昨日、なんか変なものでも食べたっけ? と考え込んでいると、まだお昼前なのに梓ちゃんの声と控えめなノックの音が聞こえてくる。
「あ、どうぞ〜」
返事をすると、梓ちゃんが入ってきて開口一番こう言った。
「忍さん、もしかすると今度こそ生理かもですよ〜」
「えええぇ〜?」思わず大声を上げる。そういえば先日、ポニーテール頭痛のときに「生理かも?」と相談したことを思い出した。
「女の子になって、もうひと月くらいですしね~ 下着に何か付いてたりしませんでしたか?」
「あ、そういえば、パンツに卵の白身みたいなのが付いてた!」
「まあ、そしたらそろそろ本当に生理がきますね〜 人によって違うんですけど、忍さんみたいに白っぽいものが出たり、うっすら血や茶色っぽいものが付いたりするんですよ。最初の生理――初潮っていうんですけど、あんまり血は出ないことが多いですから……たぶんですけど〜」
「そうかぁ……オレもついに正真正銘の女の子になっちゃったんだな〜」
「そうですよ〜! お祝いしなくっちゃですね〜 昔はお赤飯を炊いてお祝いするのが定番だったらしいですよ〜」
「え? 梓ちゃんのときも?」
「いいえ〜 私、お父さんに知られるのがいやだったので、お母さんに『それだけはやめて〜』ってお願いして、大好きなオムライスにしてもらいましたけど〜」
「なんか普通だねぇ……」
「普通が一番ですよ〜」
悪戦苦闘しながらも、なんとかナプキンをパンツに貼り付けて履き直す。
やっとトイレを出てリビングに向かうものの……う〜ん、なんかゴワゴワして落ち着かない。
幸いにも梓ちゃんが気を遣ってくれたらしく、秀明は部屋にこもっている様子。リビングには梓ちゃんだけがいた。

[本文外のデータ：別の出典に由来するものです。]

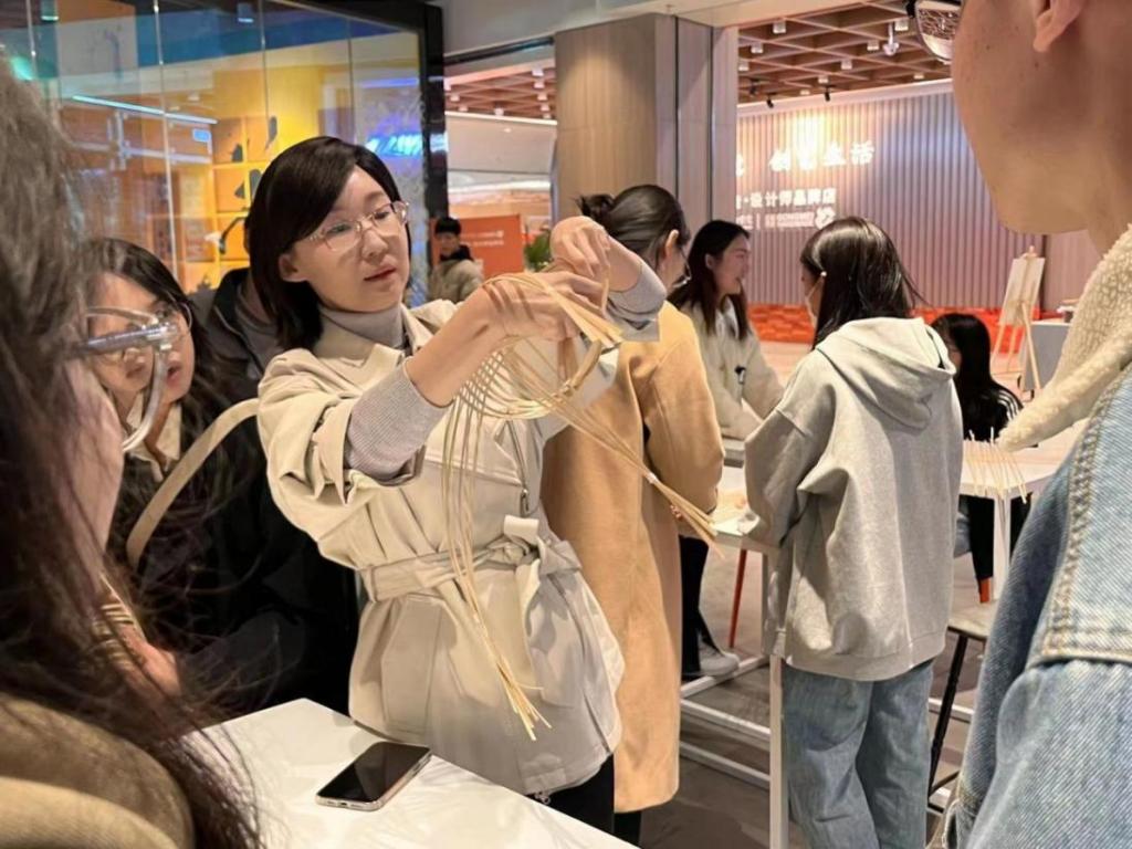 阳春三月,万物复苏。3月1日,304am永利集团官网应用设计学院与齐鲁工业大学艺术设计学院,在“工美手造”设计师品牌店开展“思政+设计”双融共育校外实践课堂。此次课程特别邀请了非物质文化遗产“尹氏结艺”代表性传承人尹崇芹现场授课,304am永利集团官网应用设计学院副院长卢晓梦和齐鲁工业大学艺术设计学院于泳老师以及研究生、本科生一同参与,共同完成了一节生动且意义深刻的“思政+设计”双融共育校外实践课堂。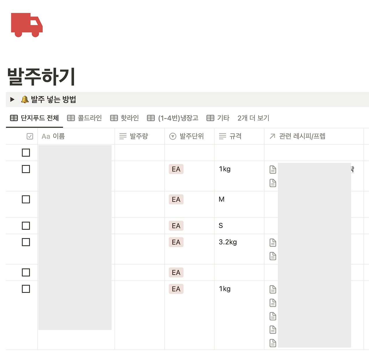 기존에 구축해 둔 프렙과 식자재 리스트를 활용하면 누가 발주를 보더라도 발주 시간을 단축시키면서도 발주 누락을 없앨 수 있지 않을까 하는 생각이 들었다. 발주 넣는 방법은 다음과 같이 진행된다. 먼저 다음 날 해야 할 프렙을 먼저 확인한 후 이에 필요한 식자재를 먼저 체크하고 이후 그 외 필요한 품목을 확인하는 식이다. 확인이 끝난 발주 리스트는 또 텍스트로 옮겨 적을 필요 없이 스크린샷을 찍어 그대로 공유하면 끝이다.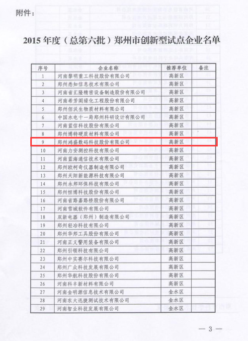近日,鄭州市科技局公布了第六批創新型試點企業名單,鴻盛數碼名列其中。

「梓ちゃん〜ありがとう〜 でもさ、トイレ真っ赤だったよ〜」
少し不安げに話すと、梓ちゃんは軽く頷いてみせる。
「あ〜、身体がちゃんと出来てるから、初めてでも量が多かったんですね〜」
「そうかもね〜 確か中央研究所で、乳腺や子宮、卵巣も全部ちゃんとあるって言われたよね……」
「そうですね〜 だから、生理も普通の女の子と同じくらいになると思いますよ〜」
梓ちゃんは少し思案しながら続ける。
「じゃあとで普通用のナプキンを何枚か渡しますね。2、3時間ごとに一度は替えてくださいね。夜は、シャワーの前に夜用のをお渡ししますから〜 替えのショーツに先につけておくと楽ですよ〜」
「やっぱり女の子に聞くのが一番だよな〜 あ、そうだ、シャワーってことは湯船はダメだよね?」
「いいえ〜、逆に湯船に浸かるとお腹が温まるので、むしろおすすめですよ〜」
「なるほど〜、お風呂で温まるのか〜」
「あ、今日の分はありますけど、これから1週間分は必要ですから、忍さん用のナプキンを買ってきますね〜 あと、体温計も。小数点2桁まで測れる女の子用のやつ。それで毎日体温を測ると、次に生理が来るタイミングがわかるようになるんですよ〜」
「あ〜、それが基礎体温ってやつだね」
「そうですそうです」
「でもさ、記録するの面倒くさそうだな〜」
「なら、Bluetooth接続機能付きのにします〜? スマホで簡単に体温管理できるんですよ〜」
「え、それめっちゃ便利じゃん!」
「じゃ、それにしますね〜 それと、寝るときはお腹と腰の下あたりにカイロを貼って温めましょう。血流が良くなって痛みも和らぎますし、リラックス効果もありますから〜」
「おお〜、なんかほんと、いろいろありがとう〜」
その日の夕飯は、ふわふわのオムライスだった……。